Example 18: Pandas supportΒΆ
The SPARQL query language has somewhat limited capabilities when it comes to advanced numerical data analysis, data mining and other similar tasks. In these cases it is best to only use SPARQL to extract, filter and normalize data (perhaps coming from diverse sources - the ability to work with such data is one of the key advantages of the RDF data model) and rely on other tools to perform further analysis. One of the more popular tools that can be used in this context is the Pandas framework. The AllegroGraph Python client contains basic support for processing query results with this library. Let us see how this support can be leveraged in a simplified scenario.
As usual, we will start by opening a connection.
from franz.openrdf.connect import ag_connect
conn = ag_connect('python-tutorial', create=True, clear=True)
Now we will add some data.

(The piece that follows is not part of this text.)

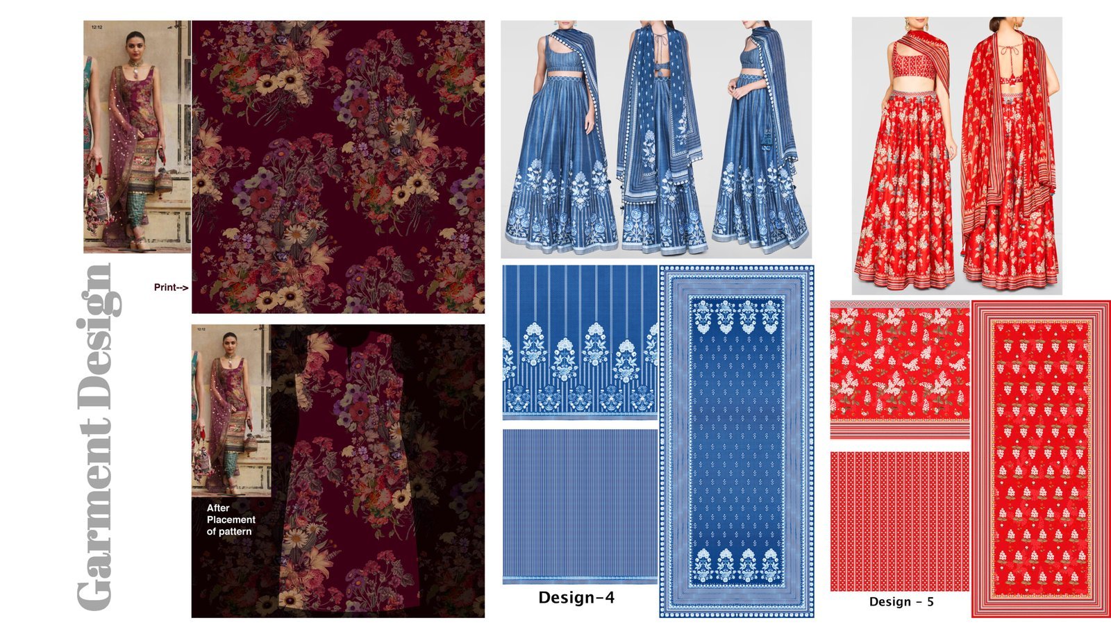 You will practice designing for Indian wear such as Saris, Lehengas, Blouses, Dupattas, Indian Suits, running fabric prints, and customised placement print designs.

The first data set describes per capita cheese consumption in the United States in years 2000-2009 according to USDA. The values are expressed in pounds:
conn.addData('''
prefix ex: <ex://>
ex:c2000 ex:year 2000; ex:cheese 29.8 .
ex:c2001 ex:year 2001; ex:cheese 30.1 .
ex:c2002 ex:year 2002; ex:cheese 30.5 .
ex:c2003 ex:year 2003; ex:cheese 30.6 .
ex:c2004 ex:year 2004; ex:cheese 31.3 .
ex:c2005 ex:year 2005; ex:cheese 31.7 .
ex:c2006 ex:year 2006; ex:cheese 32.6 .
ex:c2007 ex:year 2007; ex:cheese 33.1 .
ex:c2008 ex:year 2008; ex:cheese 32.7 .
ex:c2009 ex:year 2009; ex:cheese 32.8 .
''')
Our second set of samples is derived from NSF data and describes the number of civil engineering doctorates awarded each year.
conn.addData('''
prefix ex: <ex://>
ex:d2000 ex:year 2000; ex:doctorates 480 .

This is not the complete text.